Rational cyclodextrin formulation design through insights into drug release mechanism in the gastrointestinal tract via molecular dynamics simulations.

Cyclodextrin formulations are crucial for enhancing the solubility of drugs. Bile salts are recognized as potential agents for displacing drugs from cyclodextrin formulations in intestinal fluids. However, the mechanism underlying this displacement remains unclear. This study aims to investigate the mechanism of competitive displacement using molecular dynamics simulations and to develop guidelines for effective cyclodextrin formulation design. The umbrella sampling method is employed to investigate the binding free energy between bile salts and cyclodextrin molecules, while metadynamics is utilized to simulate the dynamic replacement process. The results indicate that the optimal binding free energy interval between cyclodextrins and drugs ranges from -30 kJ/mol to -8 kJ/mol. Additionally, the optimal concentration ratio between drugs and cyclodextrins can be calculated based on the binding free energy.

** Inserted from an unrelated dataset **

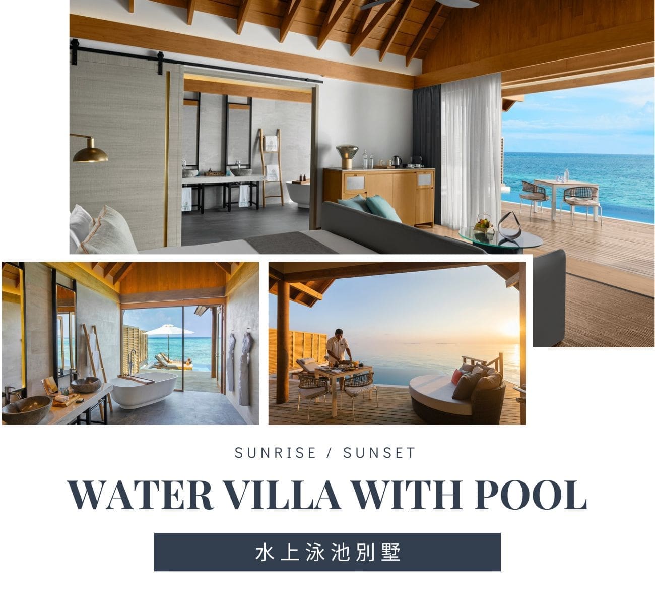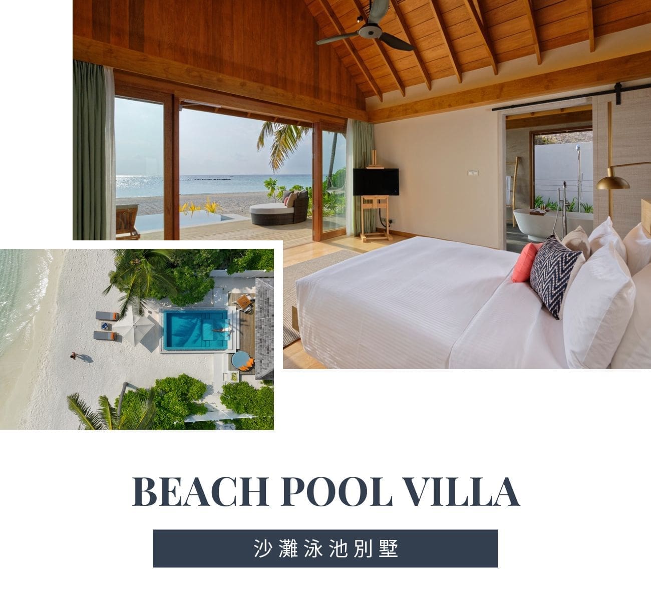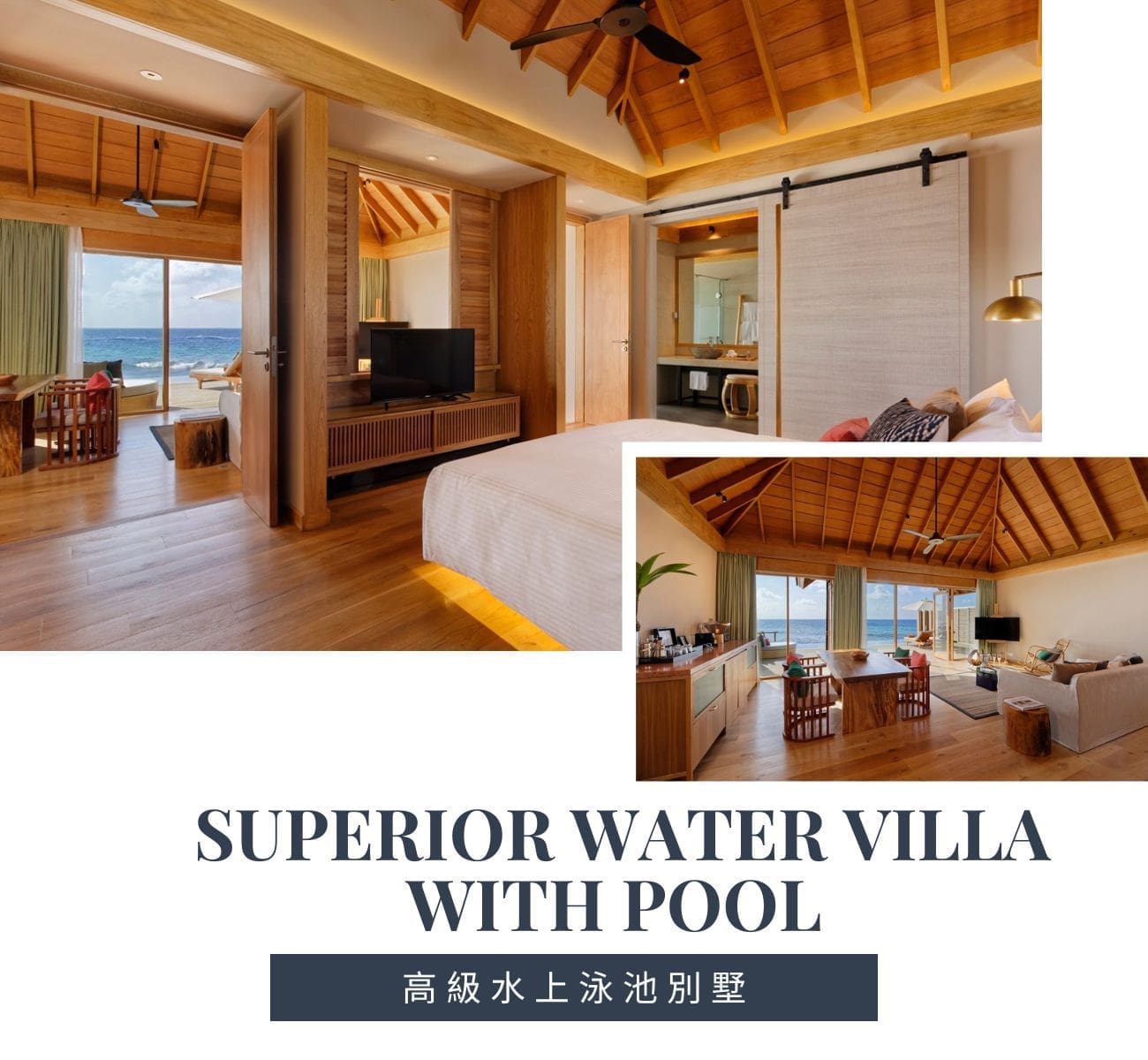 - 房型升等優惠:訂購『Beach Villal x 2N + Water Villa with Pool x 2N』升等至『Water Villa with Pool x 4N』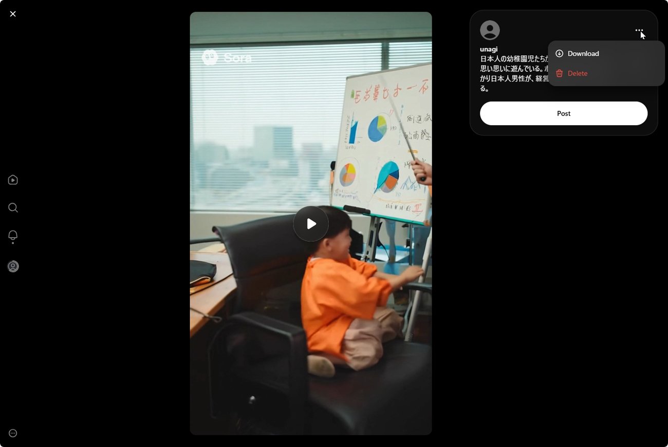「POST」をクリックすると、Sora 2ユーザーに共有される。これが、Sora 2のもう一つの大きな特徴となる。Sora 2はYouTube ShortsやTikTokのような短尺動画の共有プラットフォームも目指しているのだ。

Displacement simulations showed that free single bile salt molecules are more likely to complete the displacement compared to clusters of bile salts. This suggests that the bioavailability of cyclodextrins may be higher in fasting conditions than in the fed state. This study will not only enhance our understanding of the relationships between cyclodextrin formulations and bile salts but also facilitate the rational design of more effective pharmaceutical formulations.